Por fim, na analise do nível três - a apresentação gráfica global das bulas- verificou-se que a maioria apresenta consistência regular, pois os elementos gráficos e suas relações apresentam deficiências. Em geral, a amostra apresenta espaçamento entre as linhas e as palavras muito reduzido, particularmente quando aplicados a texto em negrito ou em caixa alta, gerando uma massa pesada visualmente na pagina (poluição visual), comprometendo assim, a legibilidade do documento. Quanto às características físicas, apesar de apresentarem uma boa qualidade de impressão, o papel utilizado nas bulas causa transparência, interferindo na leitura. Por
conseqüência das constatações na consistência e nas características materiais da bula, a análise estética da amostra resultou em um conceito regular.
5-Conclusões
A partir da análise qualitativa de 20 bulas de remédio de acordo com o modelo de Van der Waarde (1999), foi possível constatar diversos problemas relacionados à legibilidade, pelo uso maciço de textos em negrito e/ou em caixa alta, o espaçamento entre linhas e palavras reduzido, e a transparência do papel, ocasionando uma poluição visual que dificulta a leitura, a localização e conseqüentemente afeta a compreensão das informações. Pode-se também concluir que a hierarquia gráfica e informacional constitui uma deficiência nas bulas de medicamentos, verificada nas relações entre os componentes gráficos, particularmente nas “advertências” e títulos de tópicos informativos. Há portanto, carência de contraste para diferenciação de hierarquia das informações em bulas de medicamentos.

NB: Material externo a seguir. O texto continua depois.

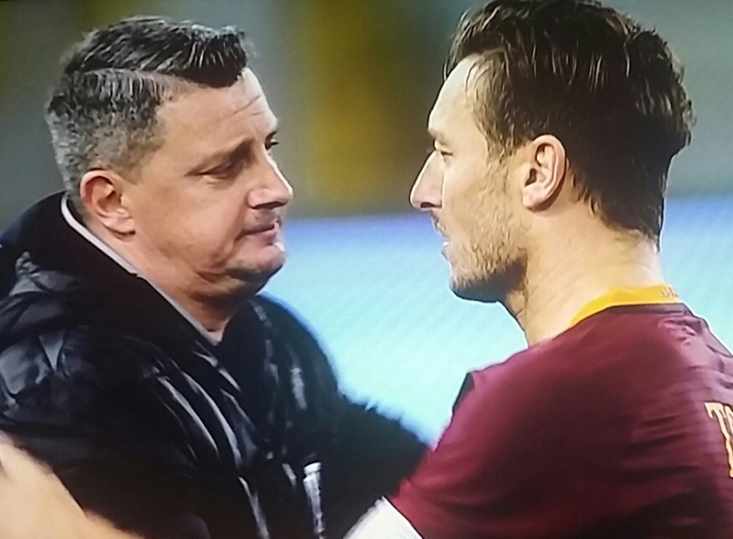 (Nella foto il bellissimo abbraccio a fine partita tra Camplone e capitan Totti)

6- Recomendações e considerações gerais
A partir dos resultados e considerações oriundos deste estudo analítico sobre a composição gráfica das bulas de medicamentos - de acordo com o modelo de Van der Waarde (1999), foram
elaboradas algumas recomendações sobre a apresentação e relação dos componentes gráficos que constituem a bula de medicamento, as quais são: - evitar o uso excessivo de negrito em textos,
usando-o somente para as informações mais importantes;
- evitar o uso de textos em caixa alta;
- ser consistente na representação gráfica para cada tipo de informação que apresentar um status hierárquico distinto;
- utilizar espaçamento entre linhas e palavras que promovam à legibilidade;
- não utilizar papel translúcido para a impressão de bulas de remédio.
Por fim, pode se afirmar que a partir da análise realizada foi possível constatar muitos problemas de composição gráfica que comprometem seriamente a legibilidade das bulas de medicamento. E espera-se que este estudo possa contribuir com a melhoria na qualidade de apresentação gráfica das instruções neste tipo de documento.